Characterizing carbohydrate-protein interactions by nuclear magnetic resonance spectroscopy

Abstract

Interactions between proteins and soluble carbohydrates and/or surface displayed glycans are central to countless recognition, attachment and signaling events in biology. The physical chemical features associated with these binding events vary considerably, depending on the biological system of interest. For example, carbohydrate-protein interactions can be stoichiometric or multivalent, the protein receptors can be monomeric or oligomeric, and the specificity of recognition can be highly stringent or rather promiscuous.

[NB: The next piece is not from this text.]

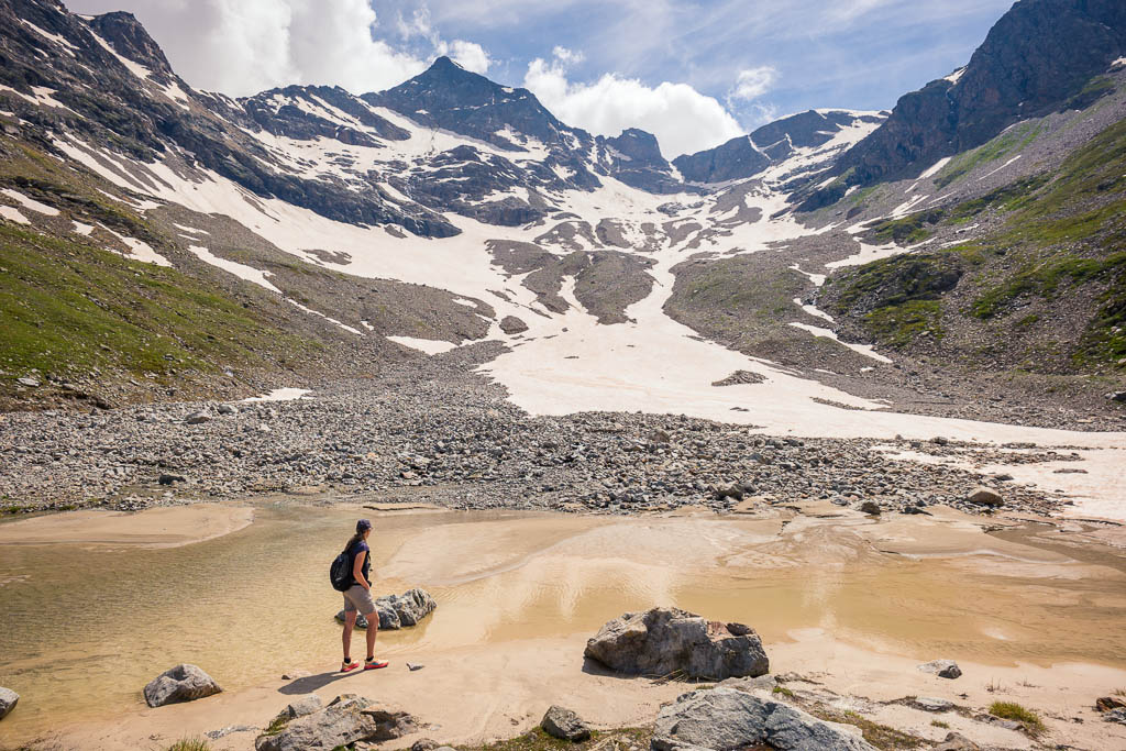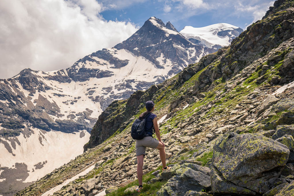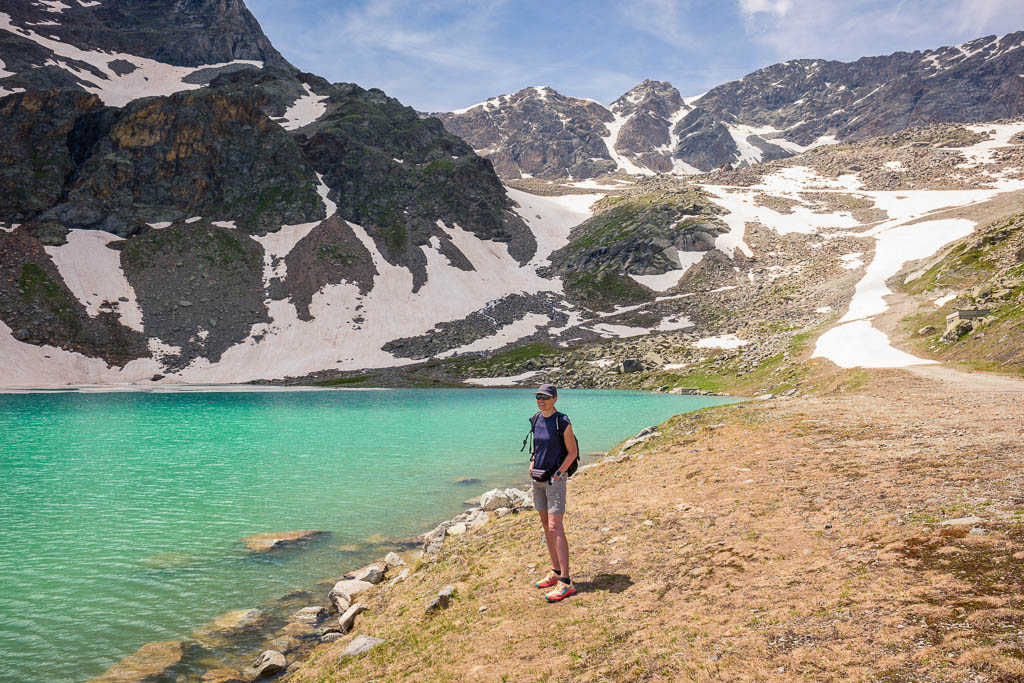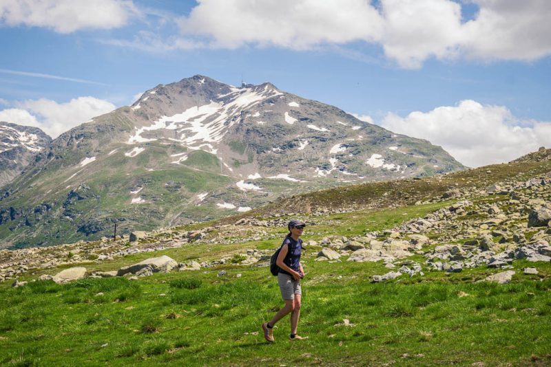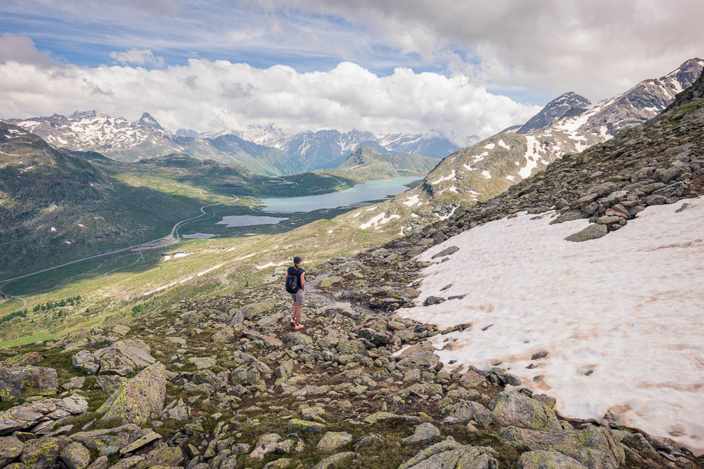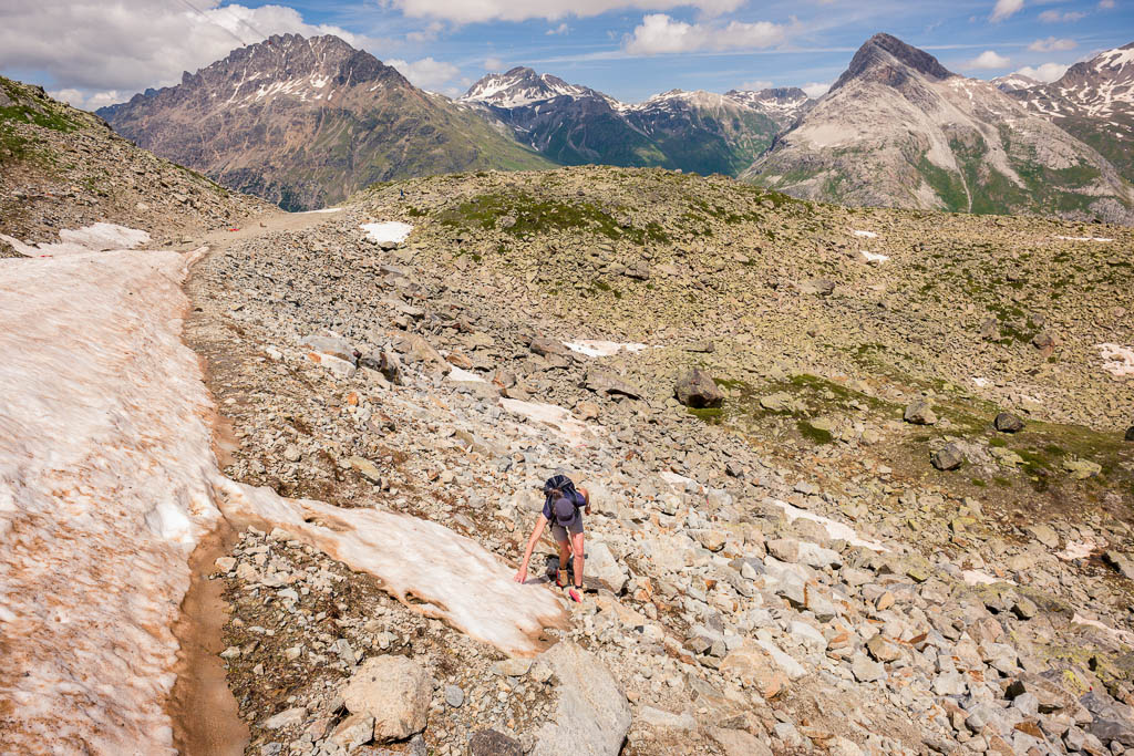 Vom See aus führt ein Wanderweg weiter hinauf zur Diavolezza. Dieser Weg erscheint uns allerdings aufgrund der Wegverhältnisse, das Gelände ist steil, steinig und so wie es aussieht, zum größten Teil schneebedeckt, nicht empfehlenswert. Wir laufen daher auf dem Wanderweg, der zum „Ospizio Bernina“ führt, weiter. Erst müssen wir allerdings den Ova da Diavolezza überwinden:

Equilibrium dissociation constants for carbohydrate binding are known to vary from micromolar to millimolar, with weak interactions being far more prevalent; and individual carbohydrate-binding sites can be truly symmetrical or merely homologous, and hence, the affinities of individual sites within a single protein can vary, as can the order of binding. Several factors, including the weak affinities with which glycans bind their protein receptors, the dynamic nature of the glycans themselves, and the nonequivalent interactions among oligomeric carbohydrate receptors, have made nuclear magnetic resonance (NMR) an especially powerful tool for studying and defining carbohydrate-protein interactions. Here, we describe those NMR approaches that have proven to be the most robust in characterizing these systems, and explain what type of information can (or cannot) be obtained from each. Our goal is to provide the reader the information necessary for selecting the correct experiment or sets of experiments to characterize their carbohydrate-protein interaction of interest.

Keywords: complex-type glycan; glycan binding; multivalent; oligomannose.

Figure 1

Schematic representation of different types of carbohydrate-protein interactions.

Figure 2

NMR characterization of Manα1-2Man binding to CV-N. a) Chemical structures of Man₉GlcNAc₂ (Man-9) and Manα1-2Man; b) location of two symmetrically located binding sites on CV-N, identified by chemical shift mapping; c, d) chemical shift perturbations occurring with addition of 1 and 2 eq Manα1-2Man.

Figure 3

Chemical shift mapping and stoichiometry of α1,2-mannobiose binding to microvirin (MVN). a) Chemical shift perturbations as a function of residue number. No perturbations were observed for the second domain; b) location of the carbohydrate binding site on MVN, colored as in panel (a).

Figure 4

Schematic of and STD NMR experiment. Depiction of a) on-resonance (saturated) and b) off-resonance (control) experiments where saturation diffuses to the ligand in the on-resonance experiment. c) Subtraction of the spectra give a difference spectrum where the peak intensities are proportional to the distance of the ¹Hs from the receptor.

Figure 5

STD NMR spectrum of a complex-type glycan binding to the HIV-1 neutralizing antibody PG16. The difference spectrum and chemical shift assignments of the glycan demonstrate recognition of complex-type glycan through the Sial-Gal termini.

Figure 6

Single ligand titration STD NMR of Man₅GlcNAc₂ binding to the HIV-1 neutralizing antibody PG9. a) Difference spectrum indicates recognition of oligomannose; b) integration and c) fitting of the N-acetyl methyl signals allows determination of the K_d of binding.

Figure 7

STD NMR spectrum of α/β L-fucose bound to norovirus P domain protein. Binding of the unnatural β-anomer dominates binding to the protein.